A fire burned in a huge stone fireplace. Near to the fire, Marie sat on the polished stone floor, naked, her knees drawn up toward her breasts. Her eyes were closed as the old woman stroked her back with a wet cloth. Tiny pools of water around her buttocks and feet reflected the fire and her whiteness. I remained still, startled by the beauty of the scene. I watched the cloth move up and down. With her other hand, the old woman stroked Marie's hair.

  "This reminds me of when I was a child," Marie said. "When you would take me to the river. Remember?"

  The old woman nodded. She leaned forward. Her hand moved up over Marie's shoulder until the cloth and her fingers cradled Marie's small breast.

  I nearly gasped. Marie's mouth opened slightly. The pleasure was so apparent in her features that I almost became ill. Gamier had been right. The fire illuminated her lustful features. She was a sensual creature.

  The woman's hand moved again. Marie giggled.

  "That tickles!"

  I stared at Marie. She was merely a young woman enjoying the innocent caresses of her servant.

  I stepped away from them and leaned against the wall. It was I who was lustful, I who had seen what was not there, I who had stared at another man's wife while she bathed!

  "I cannot bear Louis's coldness," Marie whispered. "He thinks I am some kind of monster."

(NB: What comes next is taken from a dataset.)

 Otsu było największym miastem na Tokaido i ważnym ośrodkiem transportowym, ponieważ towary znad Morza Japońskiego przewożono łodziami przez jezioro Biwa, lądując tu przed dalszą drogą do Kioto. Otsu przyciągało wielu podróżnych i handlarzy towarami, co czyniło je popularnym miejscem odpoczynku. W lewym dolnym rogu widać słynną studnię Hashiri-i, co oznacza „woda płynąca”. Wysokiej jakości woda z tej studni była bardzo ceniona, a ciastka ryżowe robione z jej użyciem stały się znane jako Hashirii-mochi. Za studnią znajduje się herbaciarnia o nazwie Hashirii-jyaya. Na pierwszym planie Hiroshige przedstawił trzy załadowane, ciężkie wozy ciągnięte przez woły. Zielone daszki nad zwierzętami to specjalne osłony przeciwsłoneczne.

  "Shhh, child, you are not a monster."

  "I want to be touched. Loved. Is that wrong?" Her voice trembled. "I remember when your people used to visit us once a year." Her voice became happy again. "How we danced! Each person held me in his arms for a moment before whirling me forward. I am sorry Louis won't allow them on his land anymore."

  "We will sneak away to see them sometime soon," Raynie said. "They have only just arrived, did I tell you?" Raynie's voice was gentle and affectionate, stroking away her mistress's despair.

  I hurried from the women, down the passageway and the stairs, and somehow found my way back to my own room.